The full essay can be read at Gornahoor Press.
It is scarcely worth saying, that the real relationships that bind us with those who have begun, can only subsist, unaltered. The “chain of Ur” remains. To the friends of “Ur” we exhort constancy and faith in the work. The times, today, are as sad as ever; as ever, they are adverse to every possibility of transcendent development. Still, one must hold firm: not with a violent effort or a revolt against the external circumstances of the epoch, but with the most subtle and most powerful energy of an interior persuasion and of a calm firmness enthroned silently where the echoes, the invasions, and the upheavals of the sensible life could not reach. The bite of the Dragon does not scar over: that which even if only once and even if only in a flash one has come to grasp, is no longer lost: even when no consciousness would any longer seem to correspond to it and when the great frost would seem to have pervaded the whole soul. “As the clouds pass and repass over the sky, so the experiences transmute in the soul of the One. And as all dark clouds cannot overshadow its emerald calm, so the sorrows and passions of the world cannot disturb the serenity of an illuminated soul.” These words of Shankara remain also as our teaching.
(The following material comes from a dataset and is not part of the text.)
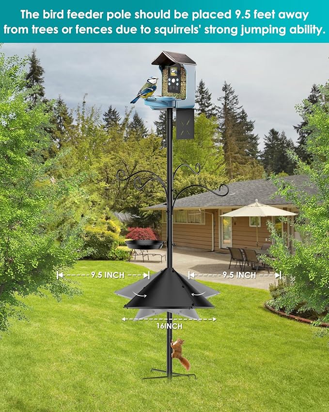 - 18-Inch Squirrel Baffle: The squirrel baffle is made of high-density, ultra-tough PP plastic, and the surface has been polished. The larger size increases stability, effectively preventing pesky squirrels from stealing bird food, while also making it easy to clean

To the others, to those who still seek, we say not to give space to the doubt of being alone, in a vain and chimerical work. Let them have the courage to wait, to endure, and the sense that unknown friends are fighting on their same line. As with strange clarity certain sounds from the valley reach to the heights of the mountains, so let it be known that they are not ignored by those on the other shore: and they are awaited. Whatever mouths today have repeated the phrase, it remains nonetheless true that “when the disciple is ready, the master too is ready.” In their second manifesto, the Rosicrucians wrote: “If someone is seized by the desire to see us only out of curiosity, he will never communicate with us. But if his will truly and effectively leads him to inscribe himself in the register of our brotherhood, we, who judge by thoughts, will show him the truth of our promises; so much so, that we do not name the place of our residence, for the thoughts, joined to the real will of the reader, are capable of making us known to him, and him to us.” These words require no further comment.
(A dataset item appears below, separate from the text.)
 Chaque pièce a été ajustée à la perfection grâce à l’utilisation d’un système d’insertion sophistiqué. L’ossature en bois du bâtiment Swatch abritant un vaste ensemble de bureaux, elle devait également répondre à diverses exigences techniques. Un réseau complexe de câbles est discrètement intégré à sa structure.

It is rather to be added that, to make conscious that if our teaching essentially concerns an inner and invisible work that is accomplished in the intimacy of a few spirits, it also, and at the same time, constitutes itself as a symbol and a sign, as something that – we may indeed say it – can acquire, with regard to the world and to the epoch in which we have come to live, the value of a prophetic anticipation.
It is a commonplace, today, to speak of the crisis of modern civilization: this, however, does not prevent the fact from being real. A deep force carries the Western world beyond itself, with a rapidity that cannot fail to strike all observers. Every attempt to curb this force by means of “returns” and of extrinsic remedies, is vain…
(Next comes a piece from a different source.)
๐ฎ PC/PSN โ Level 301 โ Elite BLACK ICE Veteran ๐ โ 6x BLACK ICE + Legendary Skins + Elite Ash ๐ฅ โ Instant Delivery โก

…It may be that a world sets, that the heavens definitively close over the destinies of the peoples of the West. But it may also be that the transfiguration occurs. Then to have kept alive today, among the great, phantomlike masses in motion of the dark age, the sign of that Wisdom and the contact with those Forces, will have a universal meaning. The subtle and invisible chain of a few scattered and unknown men, will be that very one which will open into the central and regal stream of a great current of visions and of powers, of a great tradition of free men and of liberators.